GAN stock advertised at the Nasdaq market site. The company is being sold to Japan’s Sega Sammy. (Image: Nasdaq)
The deal values the software provider at $1.97 a share, or a 121% premium to where the stock closed today. GAN investors are scheduled to meet in the first quarter to vote on the transaction, which could be finalized by the fourth quarter of 2024.
If the merger is approved by GAN’s shareholders and is completed, all outstanding GAN ordinary shares will be acquired for $1.97 per share in cash; GAN’s ordinary shares will no longer be subject to public reporting requirements under the Securities Exchange Act of 1934; and its ordinary shares will no longer trade on any market. Upon completion of the merger, GAN will become a wholly owned subsidiary of SSC,” according to a statement.
GAN’s board of directors formed a special committee, comprised exclusively of independent directors, to consider and negotiate the offer. The gaming technology company was advised by investment bank B. Riley.
Sega Sammy Buy Ends GAN Downward Spiral
UK-based GAN went public in the US about three and a half years ago as sports wagering equities were taking the investment community by storm.
At that time, enthusiasm for sport betting stocks was at a fevered pitch — a point proven by GAN pricing its initial public offering (IPO) at $8.50 and flirting with $13 on its first day of trading. From there, the stock ripped higher, eventually approaching $32 a share in February 2021, but from there, a prolonged slump ensued, resulting in today’s closing price of 89.1 cents. The stock has shed 43.91% of its value over the past 12 months.
“Formerly GameAccount Network, GAN provides enterprise SaaS solutions for online casino gaming and sports betting applications, namely its GameSTACK internet gaming platform,” according to Renaissance Capital, an IPO research firm.
What Sega Sammy’s plans are for GAN remain to be seen. The Japanese company currently has no direct exposure to the regulated sports betting market in North America, but that segment is highly tech-dependent, indicating the buy prove astute.
GAN Sale Not Surprising
GAN’s sale isn’t surprising. Earlier this year, the Irish company GAN announced a strategic review “to evaluate options available to hasten our path to better profitability metrics and a more attractive return profile.” Such reviews often lead to sales.
Additionally, the sale to Sega Sammy isn’t surprising because that company previously took over a term loan from GAN creditor Beach Point Capital. Sega Sammy extended lower interest credit to GAN as part of that transaction.

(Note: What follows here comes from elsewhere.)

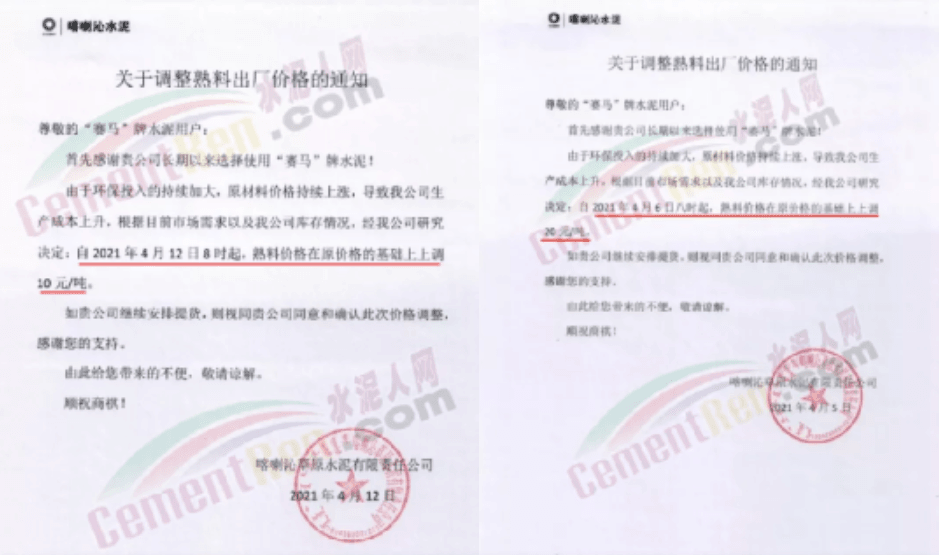 七日之內(nèi)兩次上調(diào)熟料價(jià)格,累計(jì)漲價(jià)30元/噸。企業(yè)調(diào)價(jià)函提到,由于環(huán)保投入的持續(xù)加大,原材料價(jià)格持續(xù)上漲,導(dǎo)致公司生產(chǎn)成本上升。
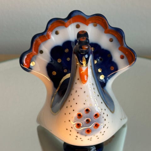 Myydään isoäitini vanha Lomonosov posliinilintu, valmistettu Neuvostoliitossa. Alunperin suolasirotin, mutta pohjan tulppa puuttuu - sopii myös koristeeksi. Maalissa on pieniä kulumia.

“After a thoughtful review of value creation opportunities available to us, we are pleased to have reached this agreement with SSC,” GAN interim CEO Seamus McGill in the statement. “Market share concentration in the U.S. B2C space, a slower than expected adoption of regulated online gaming in the U.S., along with changes to key customer contracts make the near-term operating environment challenging without ample capital resources. Sega Sammy has those resources and GAN is a strategic complement to their existing gaming portfolio. We believe this all-cash offer, at a substantial premium to recent trading prices, is the value-maximizing path for our shareholder.”